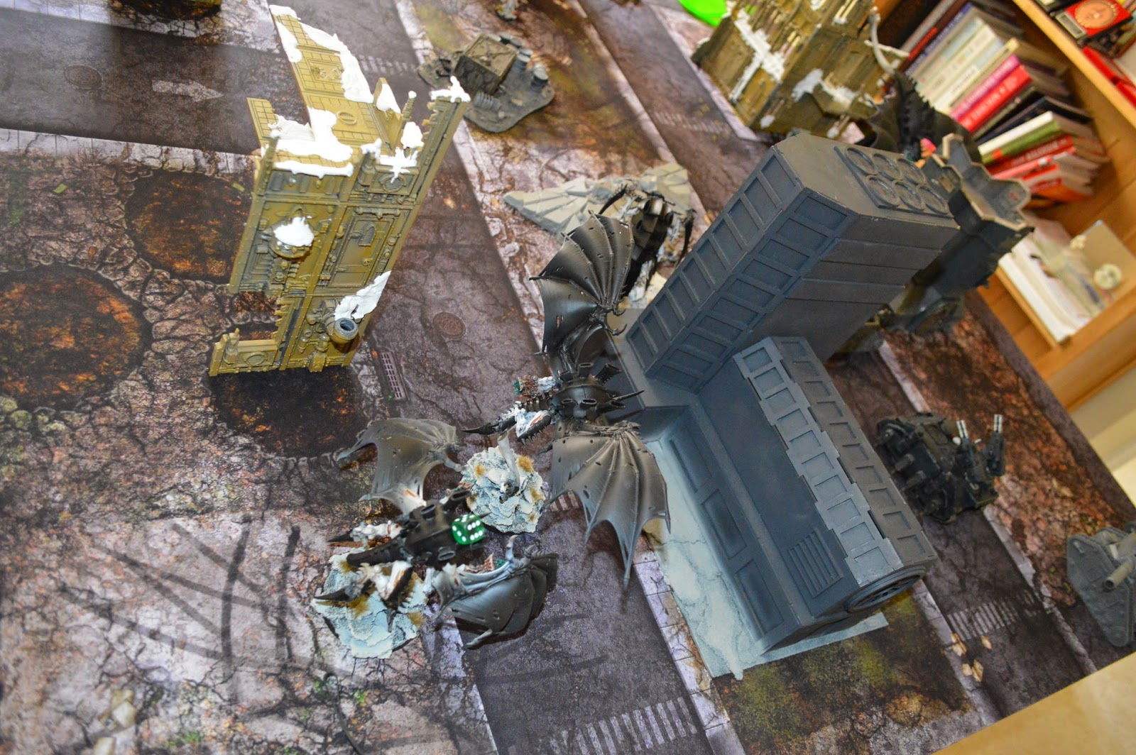 The Dimachaeron then scuffles back into the ruin to claim a cover save and the Hive Crone runs off the board into reserves.
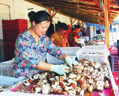 近年来,集安市清河镇食用菌种植面积不断扩大,品种不断优化,经营主体也由过去单一的农户种植向企业、合作社延伸,香菇产业逐渐成为当地农民增收的一项主要产业。图为森源食用菌公司的几位员工...
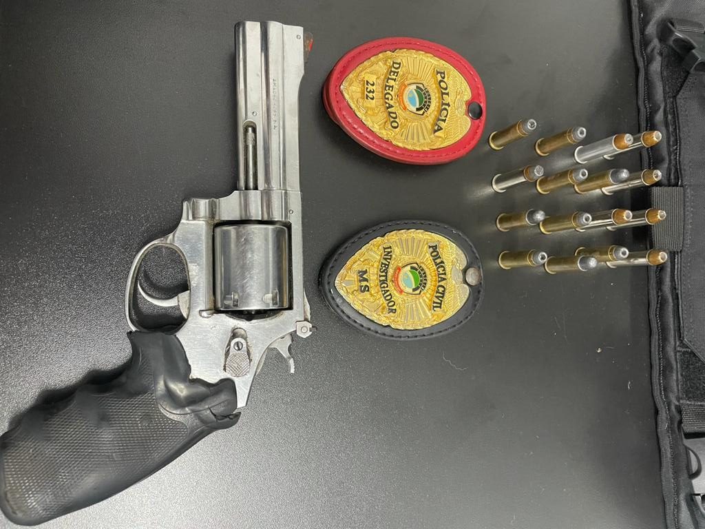 Diante dos fatos, a equipe policial civil de Miranda realizou diligencias até a Fazenda, constatando-se o fato e encontrando no local um revolver .357, municiado com 6 munições, bem como mais 10 munições intactas, além de diversas munições deflagradas num saco transparente.
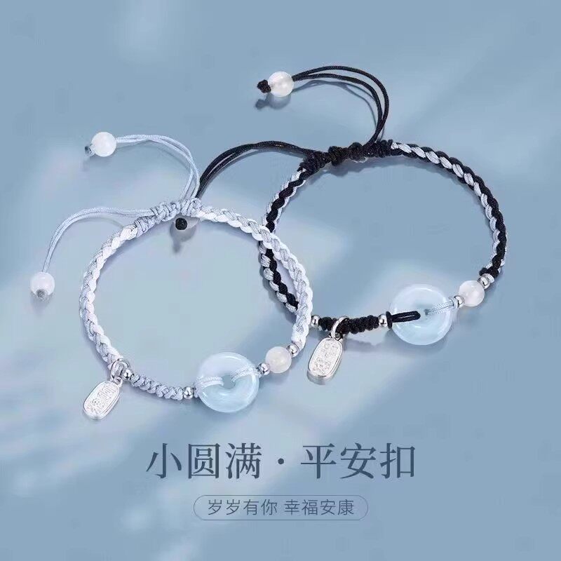 小圆满平安扣2024爆款新品中式海蓝宝编织绳福牌手链情侣闺蜜礼物
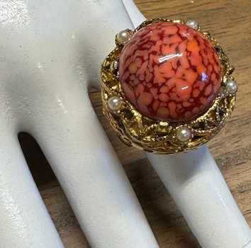 I DECIDED TO RECREATE THE FLORAL PRINT SWEATER PAIRED WITH THE PANTS AND DETAILED SHOES. I PAIRED A METALLIC BROWN HAT WITH ETSY VINTAGE CHUNKY GOLD EARRINGS. I PAIRED WITH BOLD RED LIPSTICK PAIRED WITH A PINKO, PINK FLORAL PRINT BLAZER WORN OPEN OVER A MAISON COMMON, BLACK TURTLE-NECK FLORAL PRINT SWEATER, PAIRED WITH PATRIZIA PEPE, PINK PANTS, BLACK TIGHTS, AND RED MULTI-COLOR WRAP AROUND FLORAL PLATFORM SANDALS. FOR THE REST OF THE JEWELRY, AND ACCESSORIES, I PAIRED A BLACK HANDLE METALLIC BAG, WITH BRIGHT RED NAILS, AN ETSY VINTAGE ORANGE MARBLE STONE RING, WITH GOLD CHUNKY BANGLES TO FINISH THE LOOK OFF.
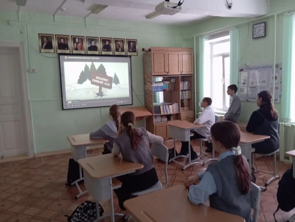 Зима в самом разгаре, и самое время вспомнить о правилах, которые могут спасти жизнь. На прошлой неделе с 1 по 9 класс в гимназии прошли тематические классные часы, посвящённые безопасному поведению на водоёмах в зимний период.
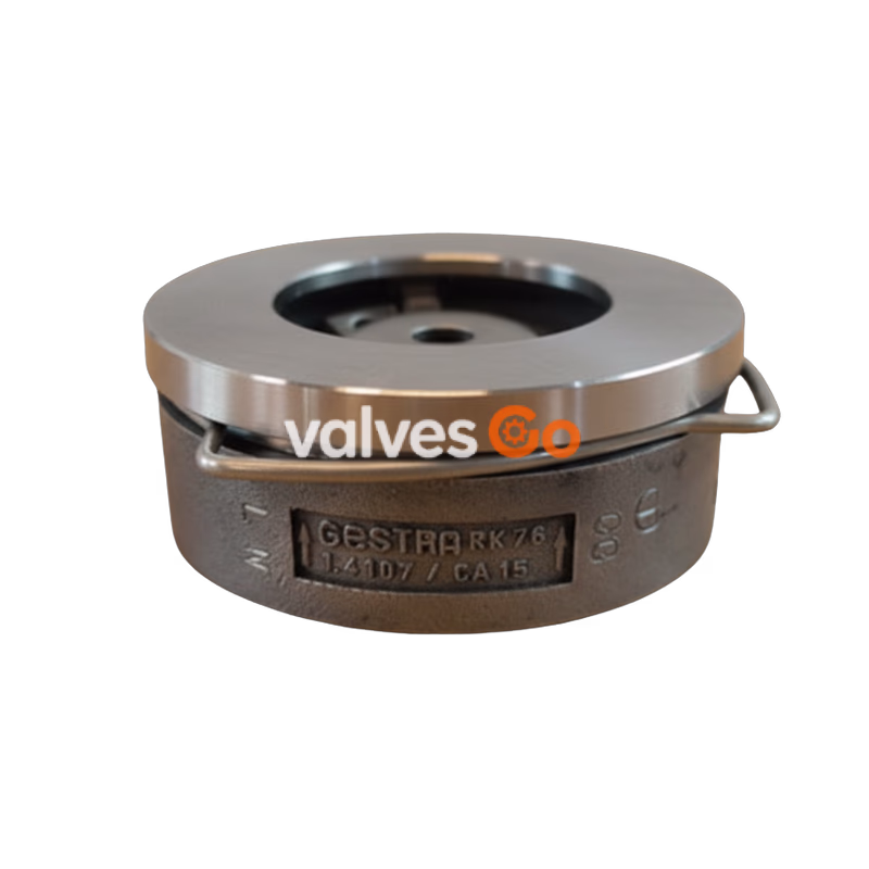 GESTRA RK 76 series flanged wafer check valves (also known as non-return valves) are specifically designed to prevent backflow in pipelines, featuring a wafer-type construction that can be directly clamped between two flanges for convenient installation. The product is equipped with a spiral centering ring to ensure precise installation alignment. It supports two designs: with spring (installable in any position) and without spring (suitable only for vertical pipelines with upward flow). The valve is suitable for various media including liquids, gases, steam and corrosive fluids, with pressure ratings covering PN6 to PN40 and ASME Class125 to 300, widely used in industrial pipeline systems.
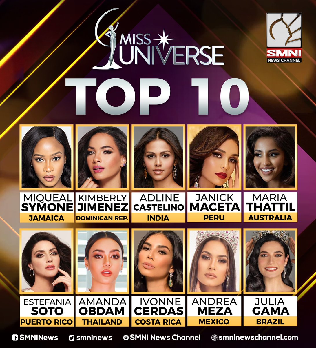 Amanda obdam, miss universe thailand 2020 competes on stage as a top 10 finalist in an evening gown of her choice during the 69th miss universe competition on may 16, 2021 at the seminole hard rock hotel & casino in hollywood, florida airing live on fyi and telemundo. The philippines may have fallen from the top 10 but the competition continues! Watch the full coverage of miss universe 2020 coronation night held on may 17. Mc công bố top 5: 12k likes · 97 talking about this.
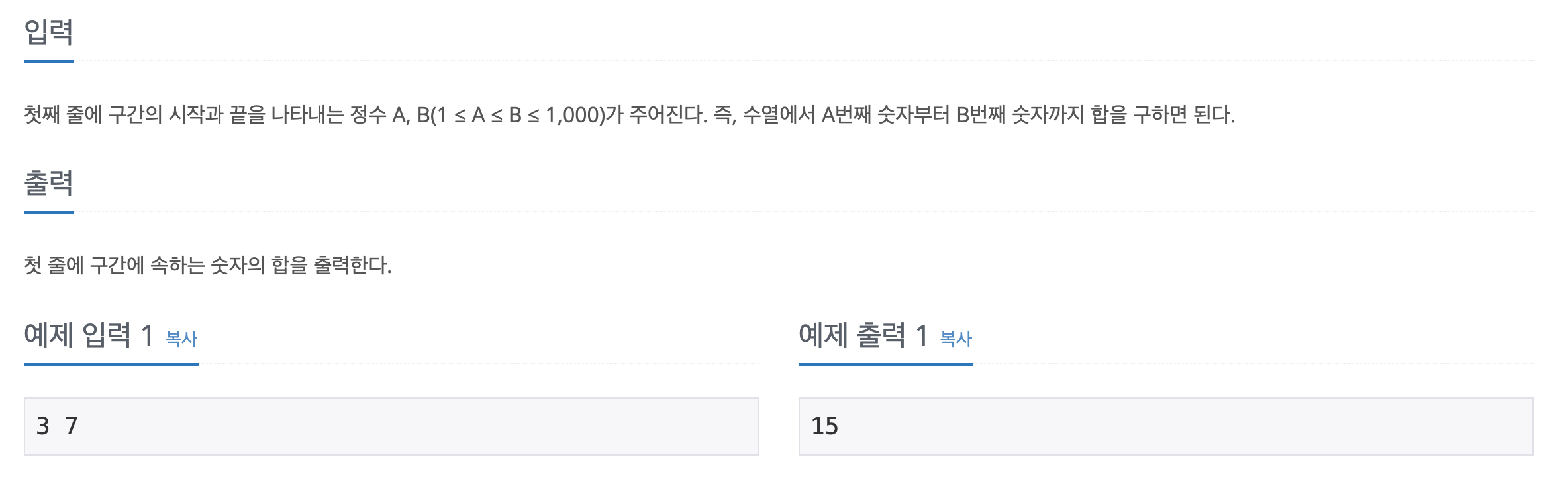 구간합 [a,b]는 sum += ary[i] 로 쉽게 구할 수 있다.
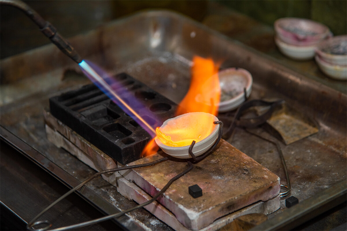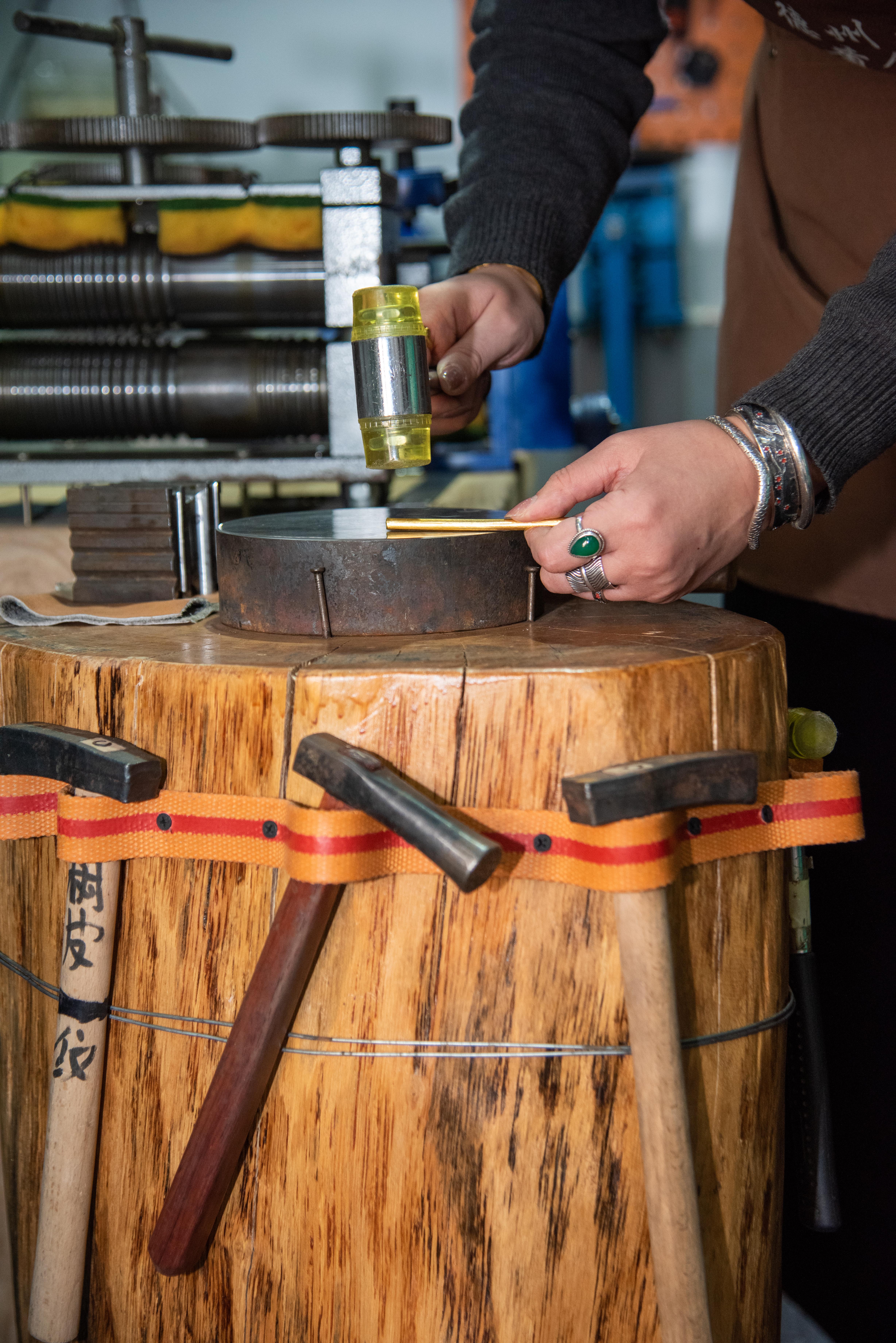 今年37岁的胡玥曾从事投资行业,因从小喜爱黄金首饰,于2022年专程赴深圳学习传统黄金加工技艺,同年10月回到德州开设了这间工作室。“从金条到首饰,需经过熔金、锻打、窝圈、焊接等十道工序。”她一边演示一边向记者介绍,手工打金主打性价比,手工费根据款式复杂程度不同收费也不同,每克手工费在9.9元至49元不等。以50克金饰为例,顾客自带金条,省去品牌溢价,仅需支付约1500元手工费,相比金店购买黄金饰品,可节省近万元。
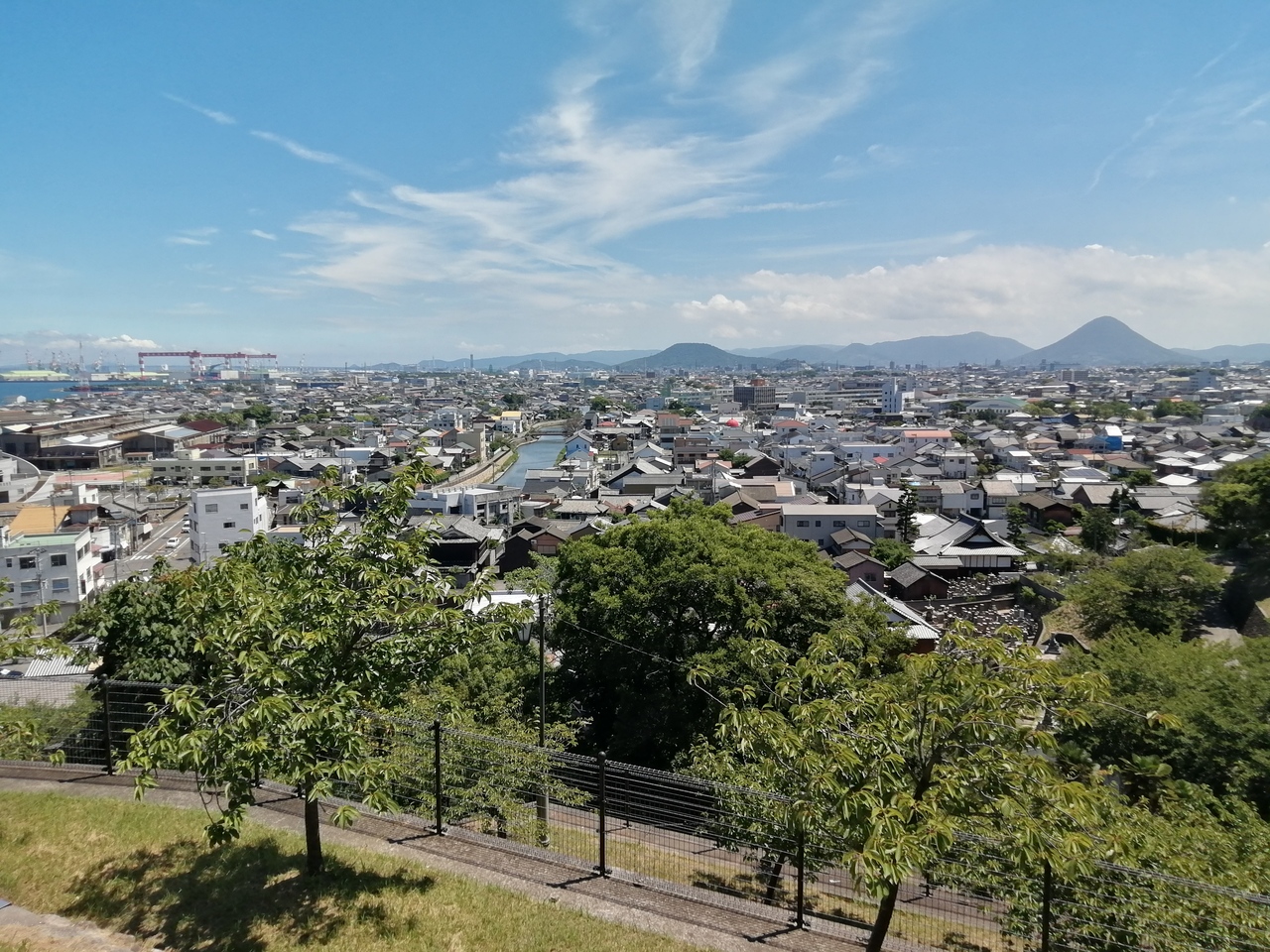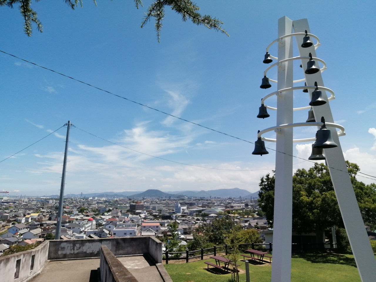 多度津市街の南西に位置する多度津山にある公園。眺めがよさそうだったので行ってみました。中腹にある展望台からは多度津港や町並み、はたまた讃岐富士と呼ばれる飯野山が見渡せます。「一太郎やぁい像」やベルを奏でるメロディー時計「カリヨン」などプチ見所もあります。そしてなんと猿もいます。

● WHAT IS BEING ASKED
Extract, word for word, every line from the one holding "Amanda obdam, miss" through the closing line of the data above. Do not include any pictures.

● FINAL ANSWER
 Amanda obdam, miss universe thailand 2020 competes on stage as a top 10 finalist in an evening gown of her choice during the 69th miss universe competition on may 16, 2021 at the seminole hard rock hotel & casino in hollywood, florida airing live on fyi and telemundo. The philippines may have fallen from the top 10 but the competition continues! Watch the full coverage of miss universe 2020 coronation night held on may 17. Mc công bố top 5: 12k likes · 97 talking about this.
 구간합 [a,b]는 sum += ary[i] 로 쉽게 구할 수 있다.
 今年37岁的胡玥曾从事投资行业,因从小喜爱黄金首饰,于2022年专程赴深圳学习传统黄金加工技艺,同年10月回到德州开设了这间工作室。“从金条到首饰,需经过熔金、锻打、窝圈、焊接等十道工序。”她一边演示一边向记者介绍,手工打金主打性价比,手工费根据款式复杂程度不同收费也不同,每克手工费在9.9元至49元不等。以50克金饰为例,顾客自带金条,省去品牌溢价,仅需支付约1500元手工费,相比金店购买黄金饰品,可节省近万元。
 多度津市街の南西に位置する多度津山にある公園。眺めがよさそうだったので行ってみました。中腹にある展望台からは多度津港や町並み、はたまた讃岐富士と呼ばれる飯野山が見渡せます。「一太郎やぁい像」やベルを奏でるメロディー時計「カリヨン」などプチ見所もあります。そしてなんと猿もいます。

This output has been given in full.